Each word in the data below should be copied exactly; the images should not.
[Opening Records shown section]
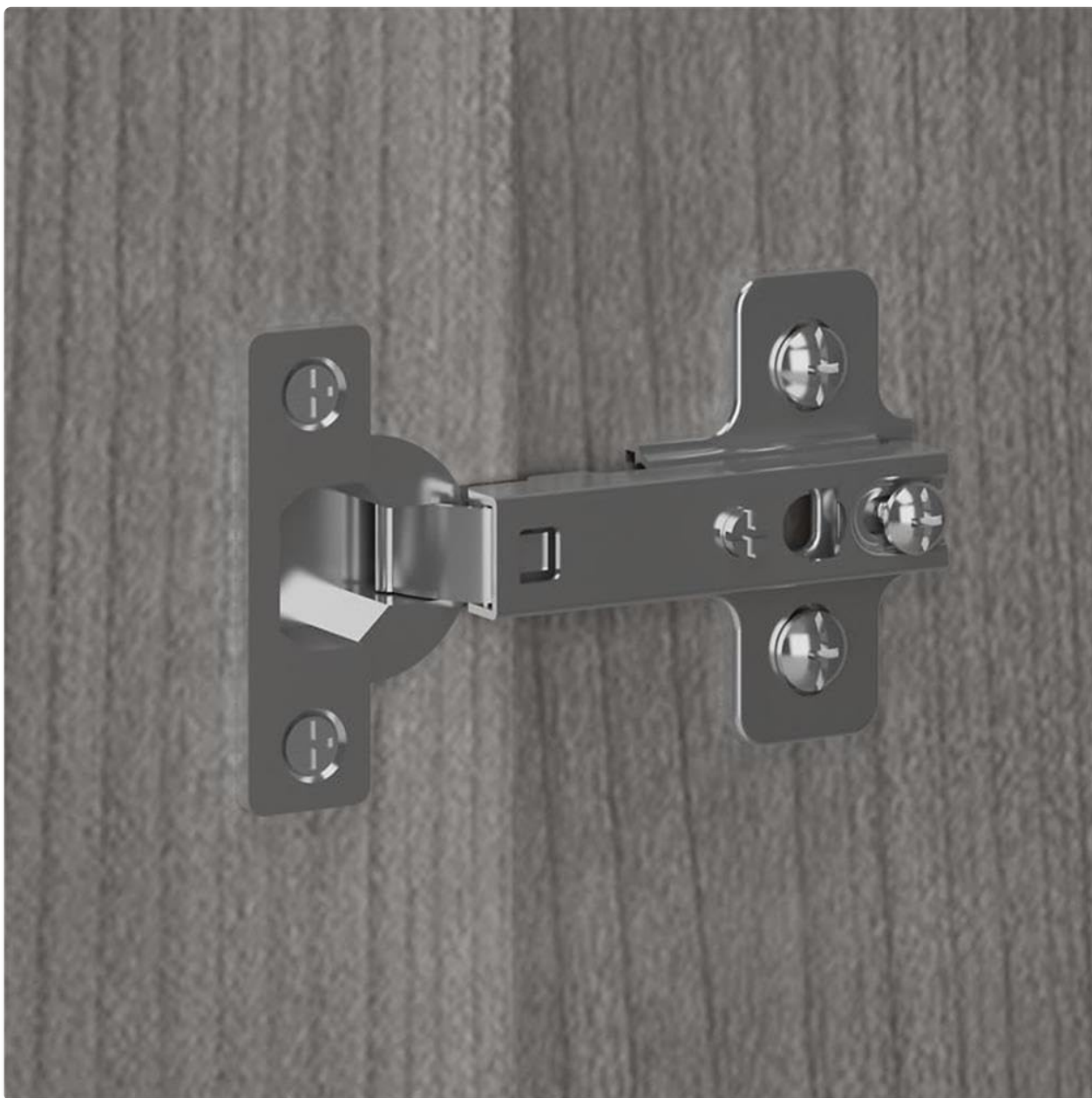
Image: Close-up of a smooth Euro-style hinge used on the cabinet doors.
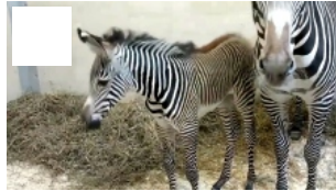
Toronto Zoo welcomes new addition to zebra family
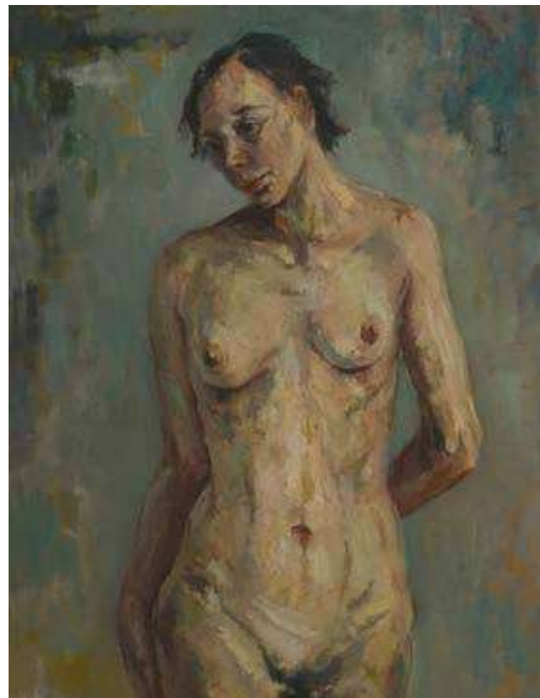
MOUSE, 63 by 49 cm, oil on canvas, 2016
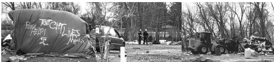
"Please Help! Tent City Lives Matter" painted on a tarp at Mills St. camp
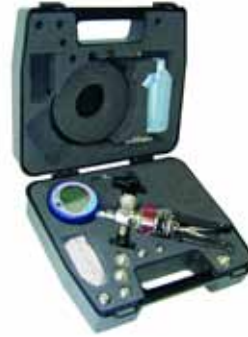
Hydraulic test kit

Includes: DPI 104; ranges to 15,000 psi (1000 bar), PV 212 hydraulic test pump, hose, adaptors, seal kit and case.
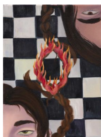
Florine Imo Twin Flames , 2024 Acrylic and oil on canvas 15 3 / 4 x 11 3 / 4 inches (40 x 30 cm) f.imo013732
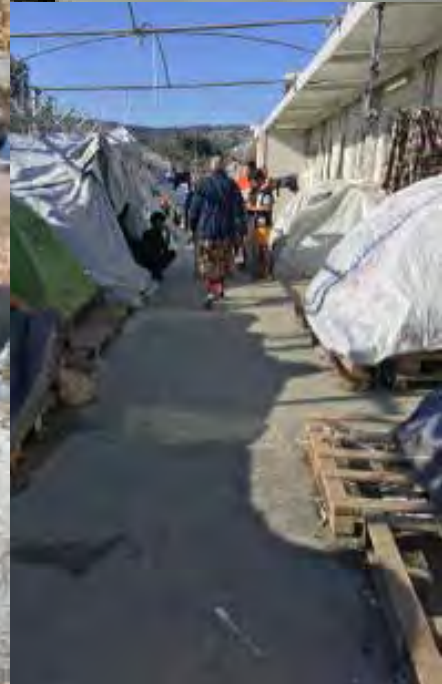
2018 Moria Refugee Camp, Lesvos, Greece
[Closing Records shown section]
◆ Response to this exercise:
Image: Close-up of a smooth Euro-style hinge used on the cabinet doors.
Toronto Zoo welcomes new addition to zebra family
MOUSE, 63 by 49 cm, oil on canvas, 2016
"Please Help! Tent City Lives Matter" painted on a tarp at Mills St. camp
Hydraulic test kit

Includes: DPI 104; ranges to 15,000 psi (1000 bar), PV 212 hydraulic test pump, hose, adaptors, seal kit and case.
Florine Imo Twin Flames , 2024 Acrylic and oil on canvas 15 3 / 4 x 11 3 / 4 inches (40 x 30 cm) f.imo013732
2018 Moria Refugee Camp, Lesvos, Greece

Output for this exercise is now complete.